My job as a dad is simple. I have to take care of my daughter. The definition of that is not so simple. That could mean many things. It means dressing and feeding her. It means playing games with her. It means teaching her things. It even means wiping her on the toilet. It's not all fun. I do a lot for her, and it can be pretty tiring. I think she knows that.
I know it seems strange, but I get the sense that Casey thinks she needs to take care of me. She shares her food with me. When we hide from monsters in my bed, it's an excuse for me to lay down and rest. She seems to get that, because she tucks me in and kisses me on the head. She even tries to make me laugh sometimes, and she's always successful. She's been trying to do that since she was only a few months old. I'm not kidding. I remember getting her settled in her bouncy chair one day. She looked me in the eyes and made a goofy move that made me laugh. When I laughed, she smiled. Mission accomplished. It struck me immediately. This kid had a sense of humor.

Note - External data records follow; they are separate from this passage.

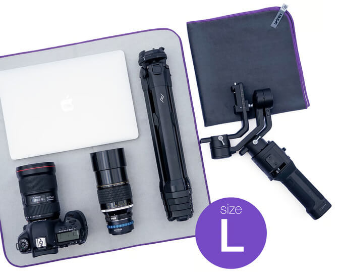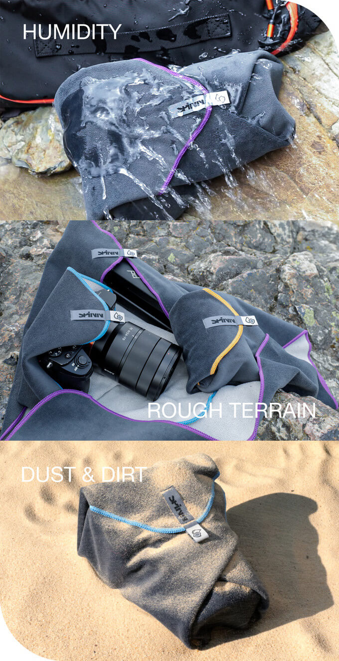 ProWrapp features a high-pile fabric with an exceptionally soft feel and superb shock absorption. Its interior is soft enough to wipe dust or dirt off from lenses without scratching them. Its waterproof barrier ensures items stay dry and protected from water splashes, dust, sand, and the unexpected downpour.
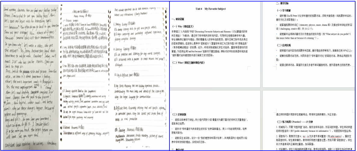 关于学生逐字稿、教学设计、教学PPT展示
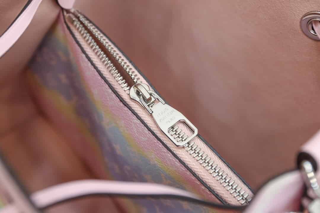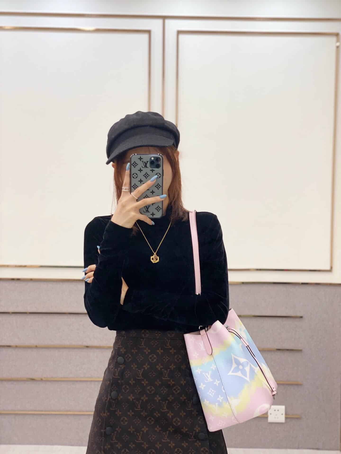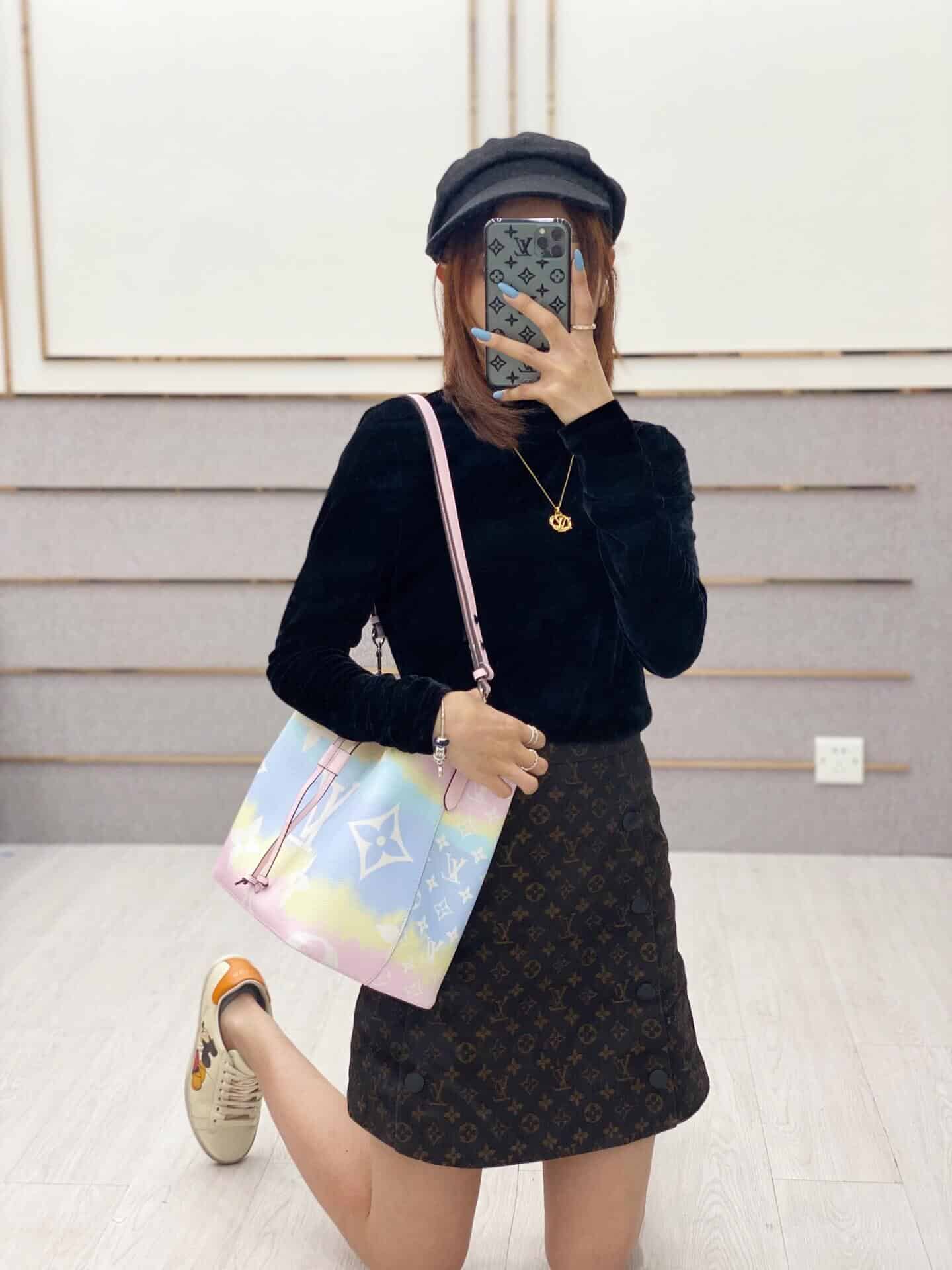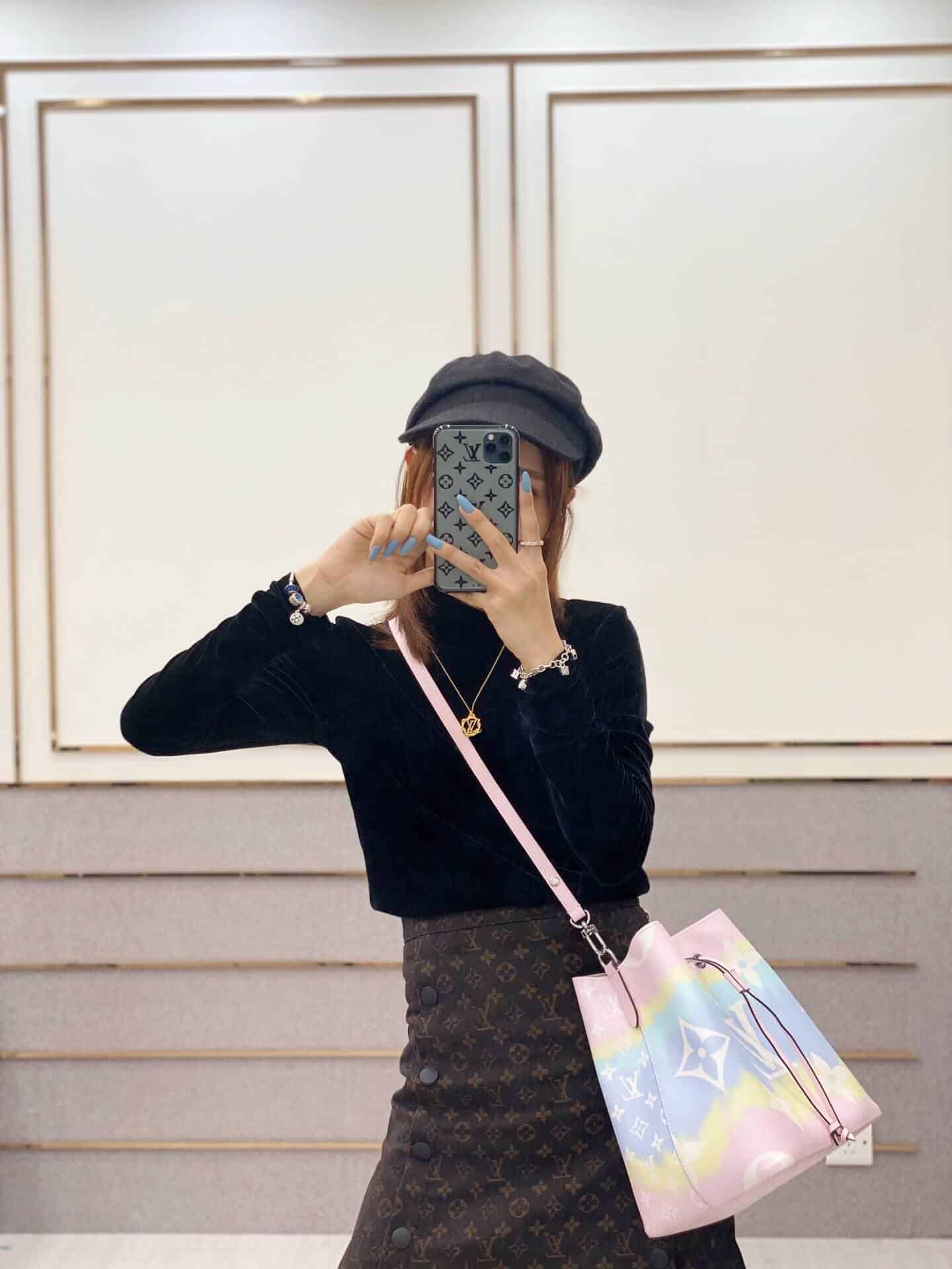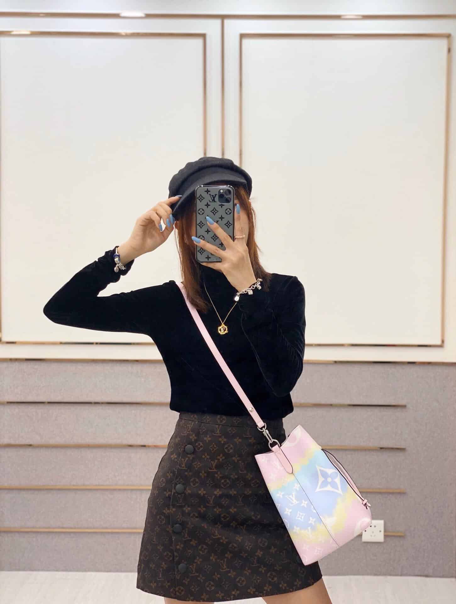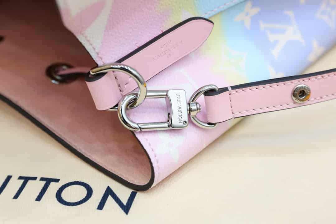 LV Escale 系列 NéoNoé 水桶包取材扎染 Monogram 帆布,其别致图案源自绞染工艺中将面料打结后染色的传统手法,在 2020 春夏手袋、鞋履和成衣系列均有呈现。可拆卸肩带提供肩背或斜挎选择。

I suppose that kind of thing is natural. She returns what I give her. I'm proud of her for that. I don't know if that will carry over to other people. She does share her Goldfish crackers with her great grandparents, who she loves to pieces. She's great with her cousin, and she calls my friends' newborn daughter her new baby sister.
We do have a close relationship. She clings to me when we're together, and she hates when I leave her at school. I hate it too. I wonder how long that's going to last. I hope forever, but who knows? I would like to think that someday she'll take care of me if I ever become incapacitated. I assume she will, because I'll teach her to be a compassionate person. I just hope that her mother and I don't end up incapacitated at the same time, because I'll choose a nursing home over living in that situation.
She's also very protective and possessive of me. When the other kids in her school try to talk to me, she gets mad sometimes. "That's MY daddy!" It's really sweet. She's funny when she does that. I really don't worry about my future with her. I know I'll always have someone looking out for me, and she'll have the same. Even when I'm old and frail, if someone messes with her, they'll end up on the wrong side of my walker. That's just the way it is.